# Task instructions:
The entries below are to be repeated exactly, and their pictures left out.

★ ★ ★ ★ ★ ★ ★

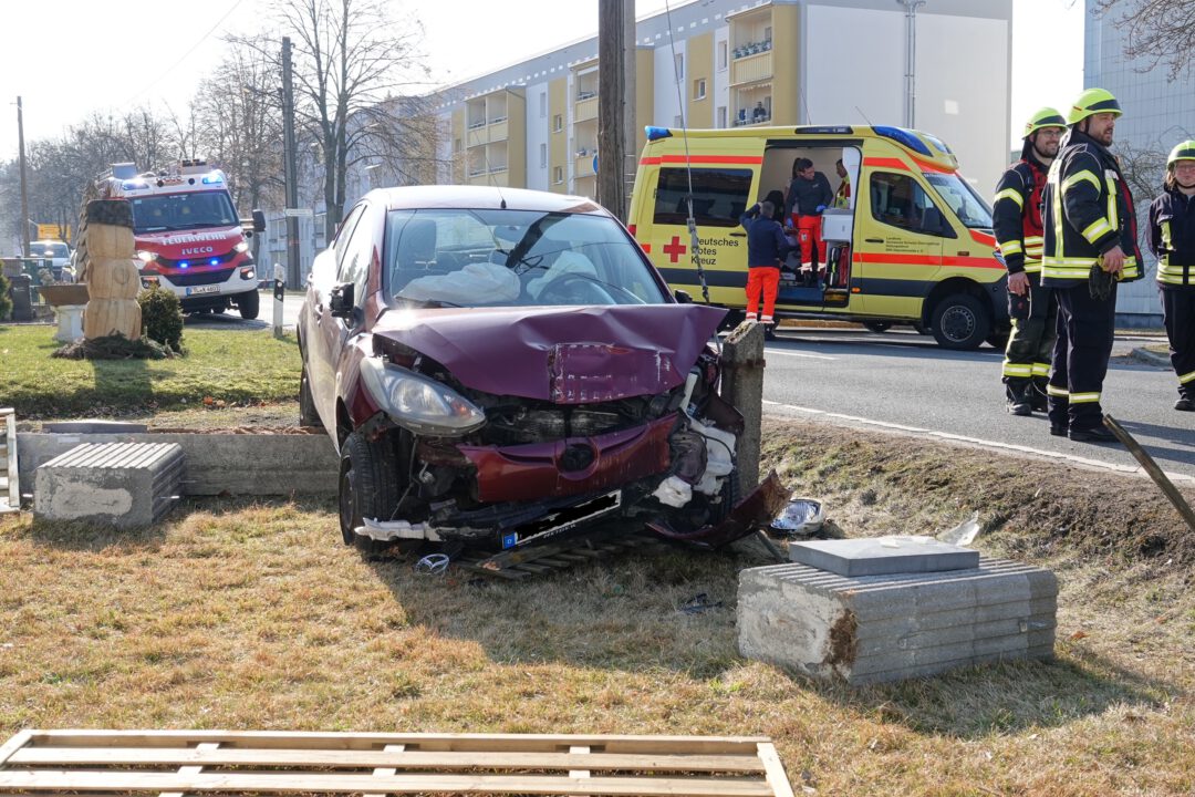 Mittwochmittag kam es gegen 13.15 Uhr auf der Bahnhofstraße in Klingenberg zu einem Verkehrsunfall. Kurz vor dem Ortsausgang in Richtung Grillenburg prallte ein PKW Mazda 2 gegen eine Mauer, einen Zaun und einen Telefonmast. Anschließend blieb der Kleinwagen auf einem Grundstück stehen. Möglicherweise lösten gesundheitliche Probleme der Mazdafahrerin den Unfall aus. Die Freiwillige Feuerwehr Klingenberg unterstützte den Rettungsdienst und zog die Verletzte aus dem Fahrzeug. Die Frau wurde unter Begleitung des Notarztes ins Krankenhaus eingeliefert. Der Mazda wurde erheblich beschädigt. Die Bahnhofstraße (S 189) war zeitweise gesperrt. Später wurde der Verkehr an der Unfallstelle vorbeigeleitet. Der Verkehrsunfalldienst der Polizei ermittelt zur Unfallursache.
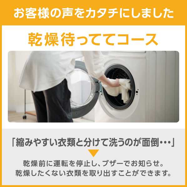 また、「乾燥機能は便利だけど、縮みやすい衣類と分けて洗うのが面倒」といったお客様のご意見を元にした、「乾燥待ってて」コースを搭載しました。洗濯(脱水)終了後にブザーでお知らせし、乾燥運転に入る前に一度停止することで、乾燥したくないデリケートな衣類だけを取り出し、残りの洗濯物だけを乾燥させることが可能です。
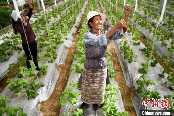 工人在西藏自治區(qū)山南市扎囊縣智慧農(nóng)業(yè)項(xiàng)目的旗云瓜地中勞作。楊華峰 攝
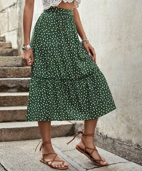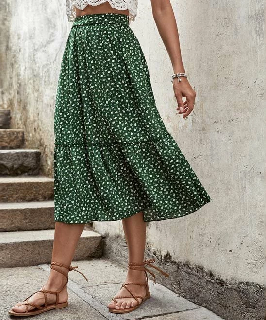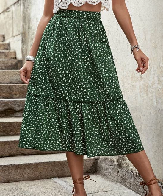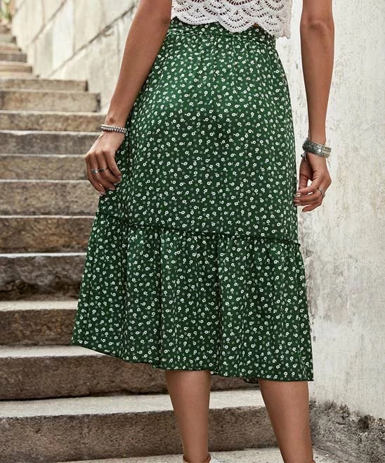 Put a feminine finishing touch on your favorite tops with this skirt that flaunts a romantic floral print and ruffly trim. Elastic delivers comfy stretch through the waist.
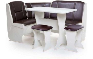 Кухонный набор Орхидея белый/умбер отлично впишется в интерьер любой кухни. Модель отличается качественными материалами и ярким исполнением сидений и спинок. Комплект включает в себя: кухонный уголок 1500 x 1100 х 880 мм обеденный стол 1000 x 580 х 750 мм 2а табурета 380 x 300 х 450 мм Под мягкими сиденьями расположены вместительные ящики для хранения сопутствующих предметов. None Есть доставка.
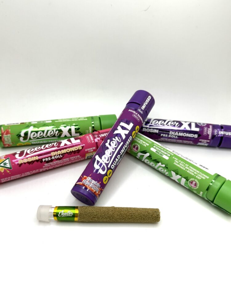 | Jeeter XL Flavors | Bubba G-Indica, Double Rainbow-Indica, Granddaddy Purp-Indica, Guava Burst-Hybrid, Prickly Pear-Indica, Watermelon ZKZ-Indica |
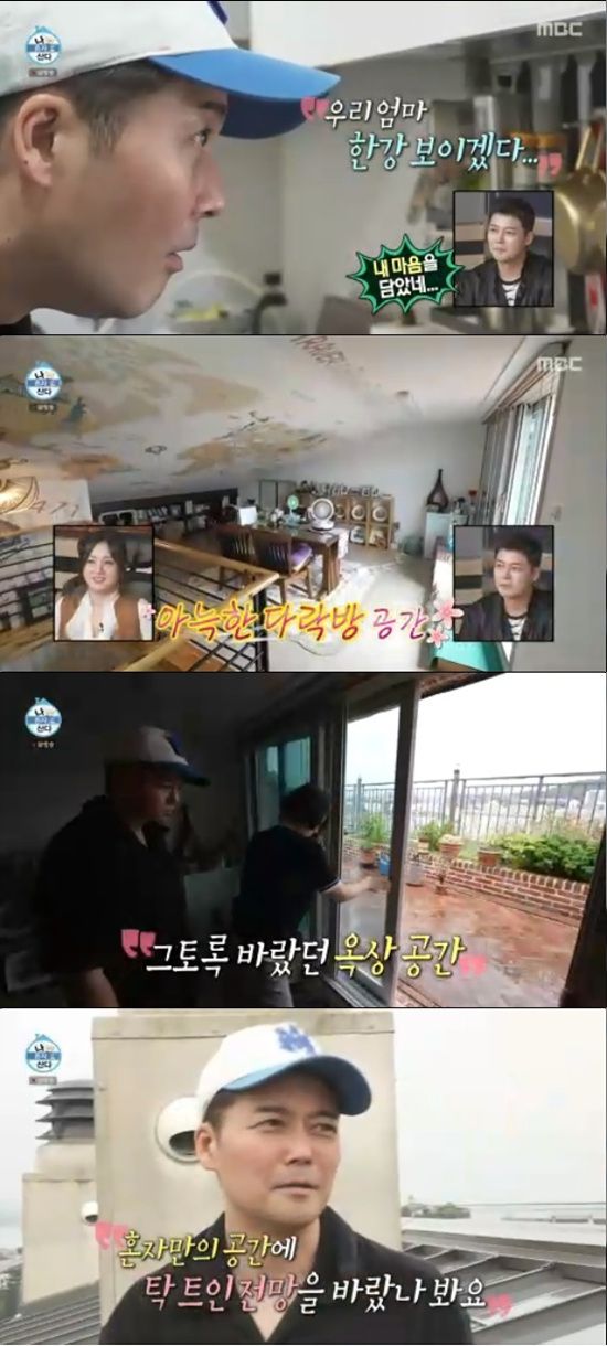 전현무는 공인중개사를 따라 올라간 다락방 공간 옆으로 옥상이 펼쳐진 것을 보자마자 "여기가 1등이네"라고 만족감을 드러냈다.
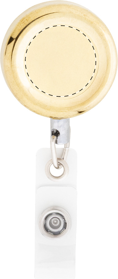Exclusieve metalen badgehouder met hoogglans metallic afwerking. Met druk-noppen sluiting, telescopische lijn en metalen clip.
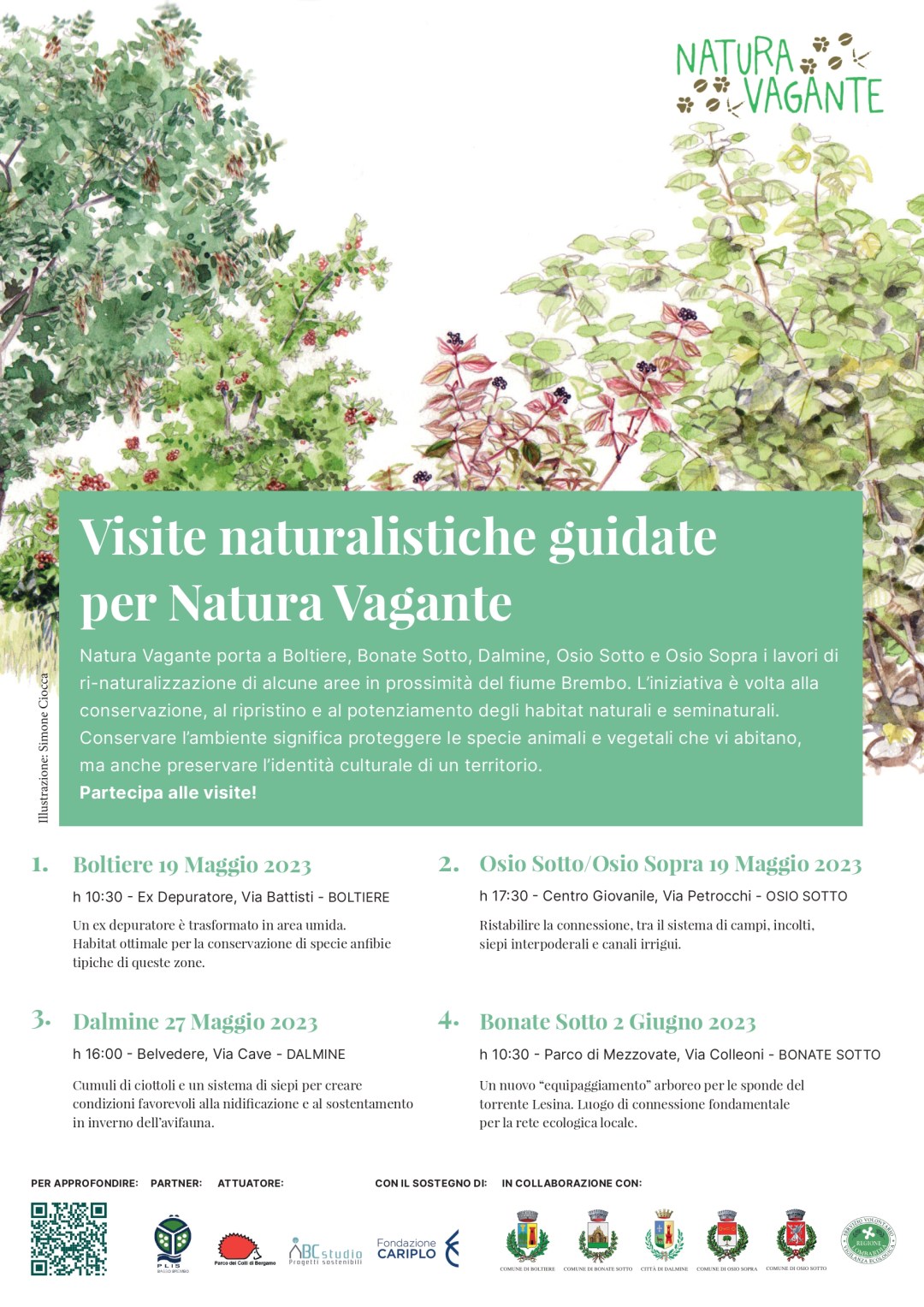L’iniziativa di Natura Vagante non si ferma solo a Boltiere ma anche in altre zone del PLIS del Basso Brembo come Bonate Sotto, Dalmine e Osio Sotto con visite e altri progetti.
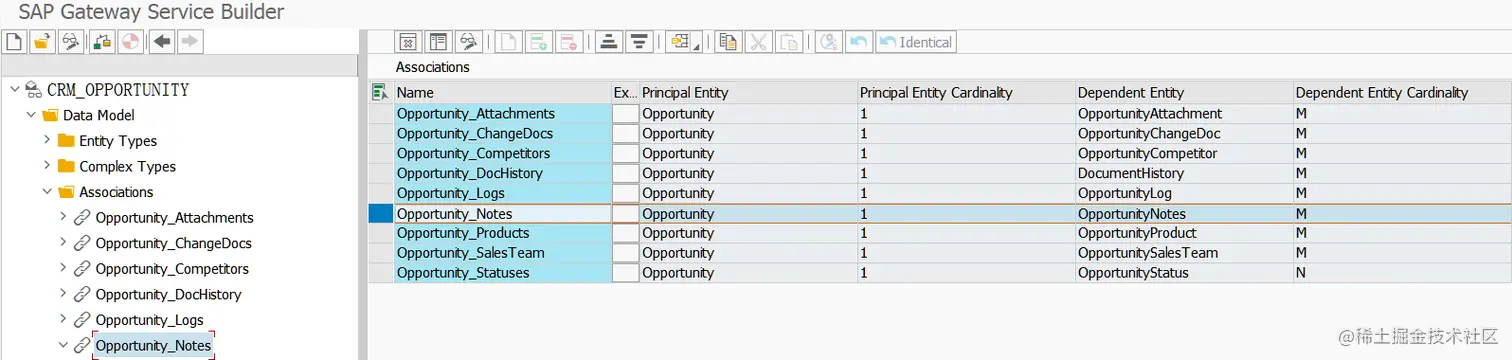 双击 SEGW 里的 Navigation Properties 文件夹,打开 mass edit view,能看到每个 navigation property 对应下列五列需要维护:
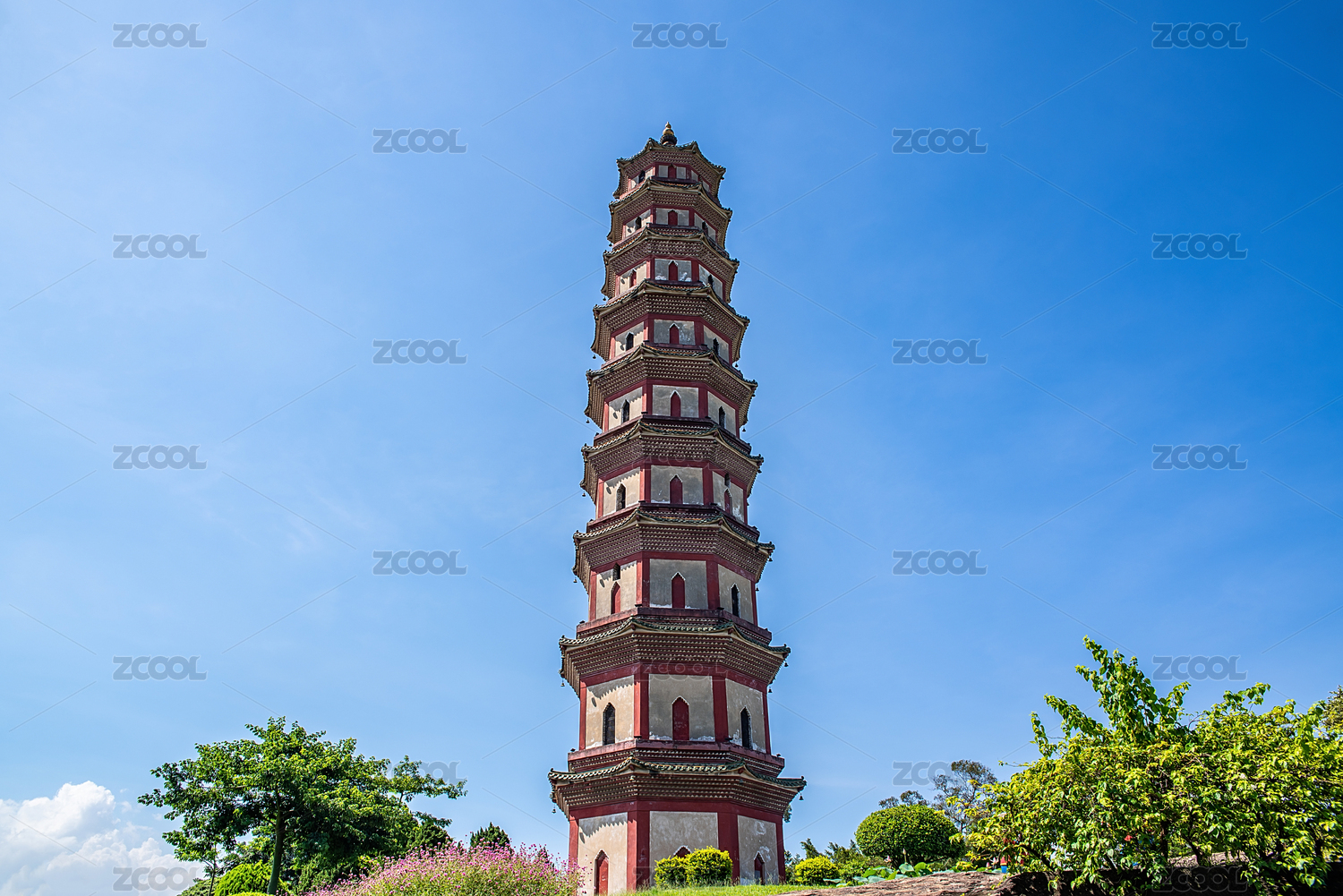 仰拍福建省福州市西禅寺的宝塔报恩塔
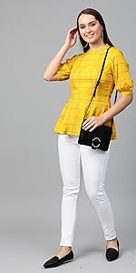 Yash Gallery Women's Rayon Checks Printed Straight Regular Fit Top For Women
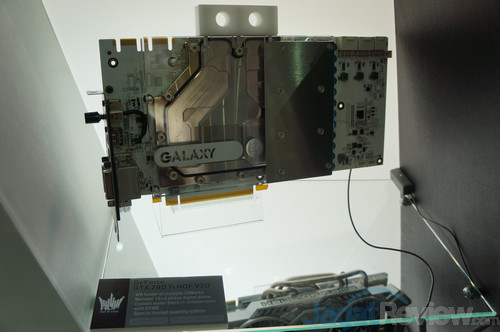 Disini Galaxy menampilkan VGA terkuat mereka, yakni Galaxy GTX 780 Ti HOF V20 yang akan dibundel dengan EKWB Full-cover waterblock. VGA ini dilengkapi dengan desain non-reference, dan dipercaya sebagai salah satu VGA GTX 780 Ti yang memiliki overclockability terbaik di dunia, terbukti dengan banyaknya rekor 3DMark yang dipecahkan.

★ ★ ★ ★ ★ ★ ★

# Task solution:
 Mittwochmittag kam es gegen 13.15 Uhr auf der Bahnhofstraße in Klingenberg zu einem Verkehrsunfall. Kurz vor dem Ortsausgang in Richtung Grillenburg prallte ein PKW Mazda 2 gegen eine Mauer, einen Zaun und einen Telefonmast. Anschließend blieb der Kleinwagen auf einem Grundstück stehen. Möglicherweise lösten gesundheitliche Probleme der Mazdafahrerin den Unfall aus. Die Freiwillige Feuerwehr Klingenberg unterstützte den Rettungsdienst und zog die Verletzte aus dem Fahrzeug. Die Frau wurde unter Begleitung des Notarztes ins Krankenhaus eingeliefert. Der Mazda wurde erheblich beschädigt. Die Bahnhofstraße (S 189) war zeitweise gesperrt. Später wurde der Verkehr an der Unfallstelle vorbeigeleitet. Der Verkehrsunfalldienst der Polizei ermittelt zur Unfallursache.
 また、「乾燥機能は便利だけど、縮みやすい衣類と分けて洗うのが面倒」といったお客様のご意見を元にした、「乾燥待ってて」コースを搭載しました。洗濯(脱水)終了後にブザーでお知らせし、乾燥運転に入る前に一度停止することで、乾燥したくないデリケートな衣類だけを取り出し、残りの洗濯物だけを乾燥させることが可能です。
 工人在西藏自治區(qū)山南市扎囊縣智慧農(nóng)業(yè)項(xiàng)目的旗云瓜地中勞作。楊華峰 攝
 Put a feminine finishing touch on your favorite tops with this skirt that flaunts a romantic floral print and ruffly trim. Elastic delivers comfy stretch through the waist.
 Кухонный набор Орхидея белый/умбер отлично впишется в интерьер любой кухни. Модель отличается качественными материалами и ярким исполнением сидений и спинок. Комплект включает в себя: кухонный уголок 1500 x 1100 х 880 мм обеденный стол 1000 x 580 х 750 мм 2а табурета 380 x 300 х 450 мм Под мягкими сиденьями расположены вместительные ящики для хранения сопутствующих предметов. None Есть доставка.
 | Jeeter XL Flavors | Bubba G-Indica, Double Rainbow-Indica, Granddaddy Purp-Indica, Guava Burst-Hybrid, Prickly Pear-Indica, Watermelon ZKZ-Indica |
 전현무는 공인중개사를 따라 올라간 다락방 공간 옆으로 옥상이 펼쳐진 것을 보자마자 "여기가 1등이네"라고 만족감을 드러냈다.
Exclusieve metalen badgehouder met hoogglans metallic afwerking. Met druk-noppen sluiting, telescopische lijn en metalen clip.
L’iniziativa di Natura Vagante non si ferma solo a Boltiere ma anche in altre zone del PLIS del Basso Brembo come Bonate Sotto, Dalmine e Osio Sotto con visite e altri progetti.
 双击 SEGW 里的 Navigation Properties 文件夹,打开 mass edit view,能看到每个 navigation property 对应下列五列需要维护:
 仰拍福建省福州市西禅寺的宝塔报恩塔
 Yash Gallery Women's Rayon Checks Printed Straight Regular Fit Top For Women
 Disini Galaxy menampilkan VGA terkuat mereka, yakni Galaxy GTX 780 Ti HOF V20 yang akan dibundel dengan EKWB Full-cover waterblock. VGA ini dilengkapi dengan desain non-reference, dan dipercaya sebagai salah satu VGA GTX 780 Ti yang memiliki overclockability terbaik di dunia, terbukti dengan banyaknya rekor 3DMark yang dipecahkan.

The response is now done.